Tai Chi Y2D72: Be Bored

OK, so maybe this is counterintuitive.  And maybe it’s wrong advice.  But it’s hard to know for sure until it’s had a chance to work itself out.

And that is, that it’s OK to be bored with your tai chi practice for a while.  I am with mine.

I take that back.  I’m not bored with the practice.  I’m bored with writing about the practice.  And that’s a completely different thing.  Maybe.  The thing is, a physical-mental discipline like tai chi is intended to shut down the verbal centers of the brain, or at least render them dormant.  It’s supposed to become difficult to talk about what happens in Tai Chi, because the parts of the brain that know how to talk and write are being gradually trained to quiet down and not talk through the process.  And that makes figuring out what to write about, rather challenging.

Take this morning.  I got up.
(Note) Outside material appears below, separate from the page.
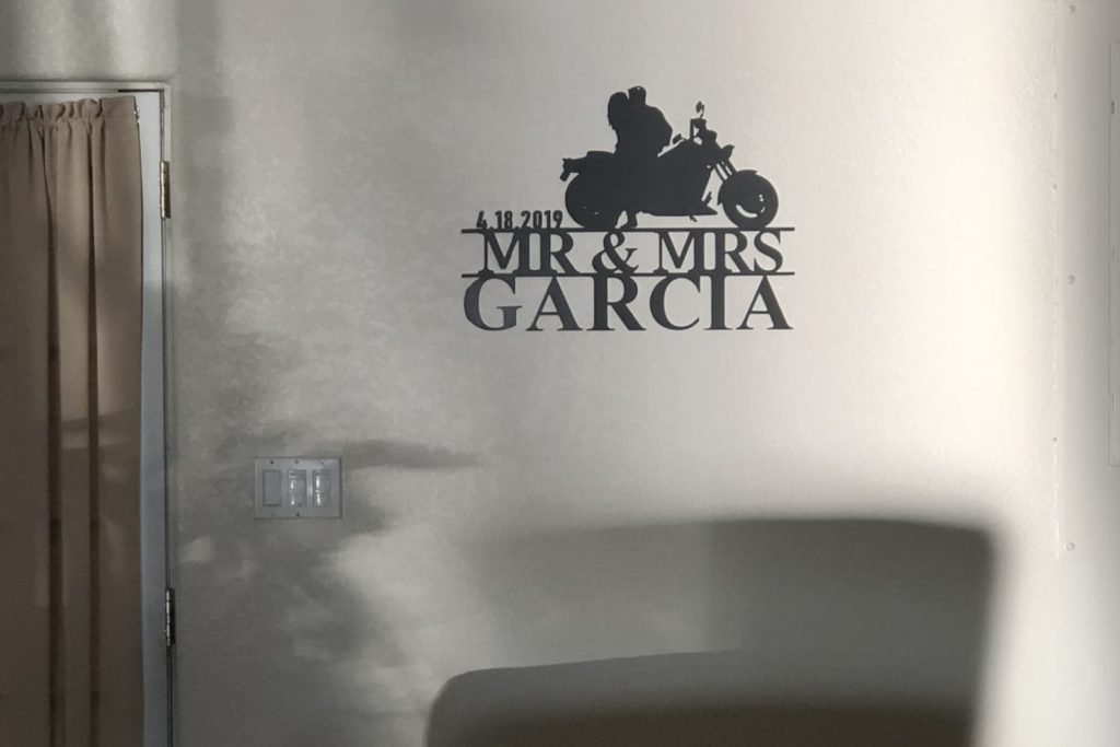 Sweet Ride9;s Last name sign is precision laser-cut. The Happily Married Biker Couple Personalized Wall Art brings together your most significantly meaningful bond into a design that truly speaks from the heart, bringing incredible meaning to any wall it adorns.

I did the work.

Let me break that down for you further:  I got up.  I went to the bathroom.  I went to do tai chi.  I got distracted by a small project in balsawood that is designed to replicate the structure, if not quite the function, of a Japanese tool box.   Accordingly I worked on this for almost all the time that I was supposed to be doing the first form.  Ooops.

Model Japanese Carpenter's tool chest.

I stopped working on the box, and I got up and I did the first qi gong form.  So far so good.  Then I realized that my office desk was dirty and I started straightening that out, and putting things away.  Then I realized, wow, I’m running out of time this morning.  Then I did the tai chi form, skipping my second qi gong form because I’d frittered away the time doing the wrong activity.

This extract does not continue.